Wednesday, February 26

5 – 7:30 p.m.

Thurgood Marshall Elementary

2401 S Irving Street

7 thoughts on “Downtown ‘Pike-Pine renaissance,’ 23rd Ave reinvention — time to cap I-5 and repair E Madison’s grid?

  1. Wow…I was just talking about putting a cap on I-5 with a friend of mine not more than 2 days ago. Sadly, I don’t think it will ever happen. Seattle never wants to pay for large projects (but loves and praises them after they are finished), and this one would be a doozy. And, yes, we haven’t really demonstrated that we can successfully tackle any large-scale infrastructure project in the past few years… sigh. But what a glorious vision for the city.

    Didn’t Portland seriously consider putting a lid on the 405 freeway that runs through NW? What stopped that, or is it still in consideration?

  2. While the I-5 lid idea is neat, aren’t lids unable to support full buildings? Isn’t that why they only build parks on top of them? I think the only way a building’s foundation can rest atop a highway is if it’s physically constructed on the highway. A concrete shelf isn’t going to hold a skyscraper.

    There are builds that appear to stand over highways, but their foundations are usually off the highway, with parts overhanging the highway like a big patio.

    • It’s feasible. The city of Sydney did it over a large railroad track yard in 2002 (as one example) – it’s called Federation Square [http://en.wikipedia.org/wiki/Federation_Square]. I doubt the buildings proposed in this extremely poor Photoshop attempt are possible, but lighter weight structures would be.

      By the way, “The Northwest Urbanist” (I won’t even comment on this title…) sure looks like a 3rd year Architecture student from his website. He even states his blog is “purely for the author’s enjoyment,” and his arguments proposed are no justification for attempting such a massive project. Take the I-5 capping portion of this article with a thick grain of salt.

      • In fact he’s a planning student and states so. That doesn’t mean he’s without good ideas. As someone who walks James and Madison streets frequently, this sounds brilliant to me. Way off in the future, though.

  3. I was happy to read that converting the northern section to 3 lanes is simply being put on the backburner due to other conflicting construction projects, and not being dismissed outright. I really think the road diet should be applied to 23rd/24th all the way to Montlake. But certainly at least to Aloha, before it heads downhill. Hopefully this can happen in the future.

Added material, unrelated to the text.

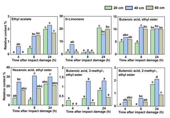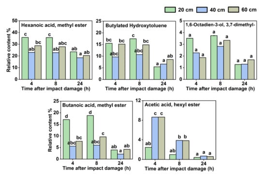 In addition, Figure 6 illustrates five VOCs whose relative contents decreased with increasing storage time after impact onset, including hexanoic acid, methyl ester; butylated hydroxytoluene; 1,6-octadien-3-ol, 3,7-dimethyl-; butanoic acid, methyl ester; and acetic acid, hexyl ester. There were two other VOCs among them whose content changed in relation to the extent of impact damage the fruit suffered. Butanoic acid, methyl ester accumulated significantly more at the impact height of 20 cm than those at 40 and 60 cm, while acetic acid, hexyl ester accumulated significantly more at the impact heights of 40 and 60 cm than at 20 cm.

  4. I love the I-5 Lid Idea, however reconnecting the street drid north of denny would probably prove a bridge to far (pardon the pun) the elevation differential between melrose and eastlake is pretty consequential, and eastlake to yale is a doozy too. But why not just cover with green space and pedestrian/cycle paths? It would cut down on the noise a bit, but, ever hang out at freeway park?